U of M was the only team to finish American Solar Challenge because of the lack of sun.

The University of Michigan College of Engineering won the American Solar Challenge race between various North American universities for the sixth straight time. Somewhat sadly, the Wolverines were as clear-cut a winner as one could hope for, since they were the only team to complete the race solely on solar power. None of the others were even able to cross the finish line without help. Given that, we'll excuse the funky flat-top stylings of the so-called Aurum, which is the Latin word for "gold."

The race took eight days and covered almost 2,000 miles from Ohio to South Dakota. The issue for every team was that there was precious little sun to provide enough rays to power the vehicles' batteries, making Michigan's trip across the finish line a veritable crawl. All of the other entrants, which included Northwestern, Minnesota, Kentucky, and UC Berkeley, had to load their cars onto trailers in order to "finish" the race.
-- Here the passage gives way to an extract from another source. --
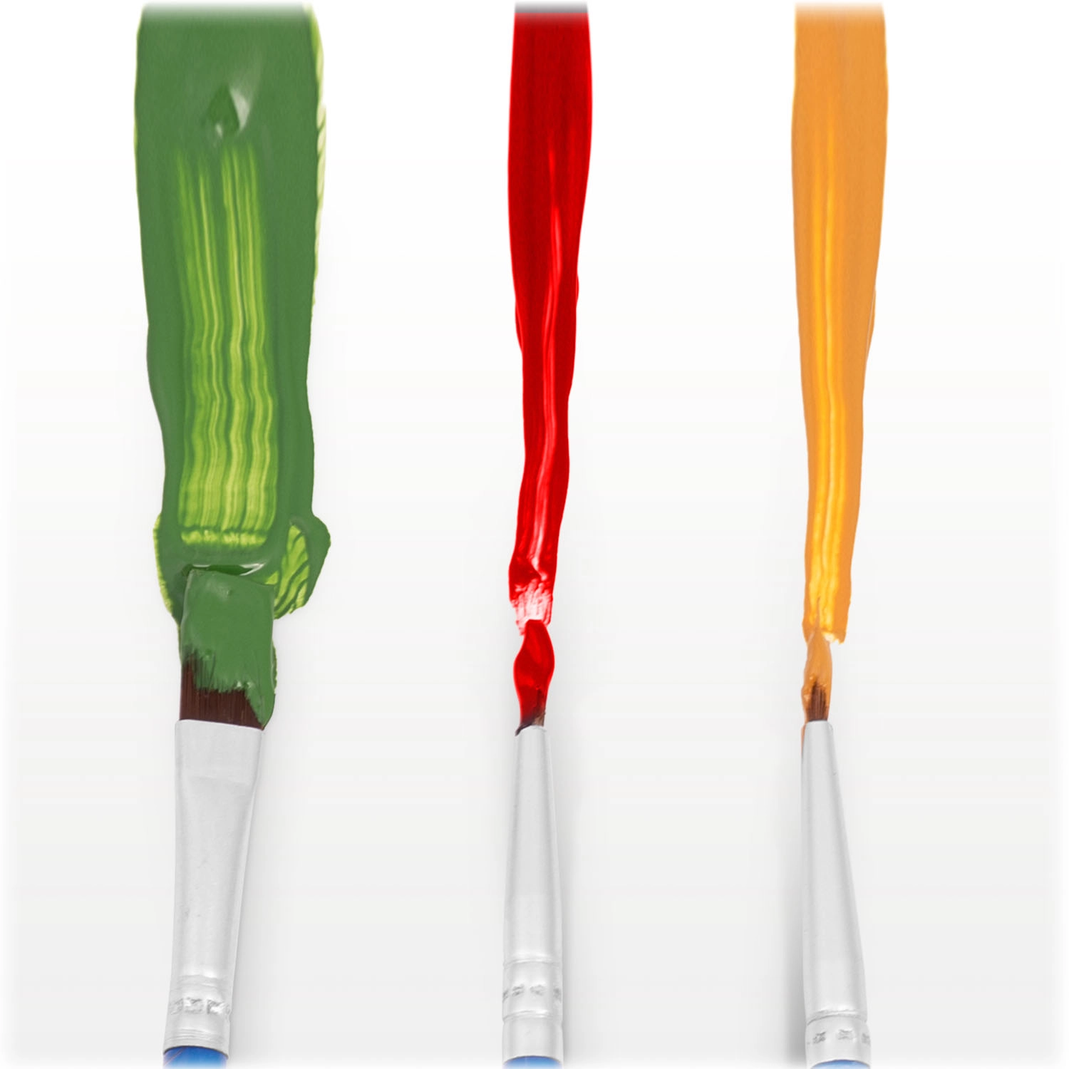 In de verpakking vind je 30 dekkende acrylverven en drie penselen (1 mm, 2 mm, 7 mm) voor grote vlakken en de fijnste details.
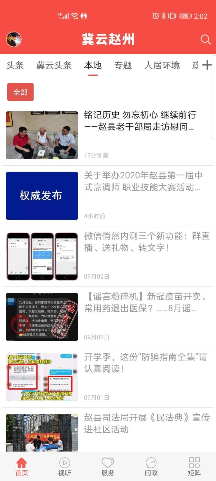 如发现版本老旧,欢迎邮件反馈toususpam#51wangming(dot)com,或移步冀云赵州官网下载最新版冀云赵州安卓版介绍冀云赵县app是一款本地新闻阅读软件,是把资讯、新闻、视频新闻等结合在一起,推送新鲜的本地资讯。还能够提供政务、民生一站式服务,为用户带来参与式、互动式的全新闻体验。

The Michigan team could fall back on experience, though, as it has been around for more than a quarter century, and has produced 13 versions of its solar-electric vehicles. In fact, the team has a bit of a dynasty, as it's gone a dozen years without being defeated (the American Solar Challenge is held every other year). In all, Michigan has won the American Solar Challenge nine times since the race's 1990 inception.

This year's race was all the more impressive for the maize and blue, because the team had a 48-minute penalty out of the gate. That's because the car was designed for Australia's World Solar Challenge, so the vehicle didn't meet the US race regulations, and it was docked accordingly. Moreover, the Michigan solar car finished the race in the rain.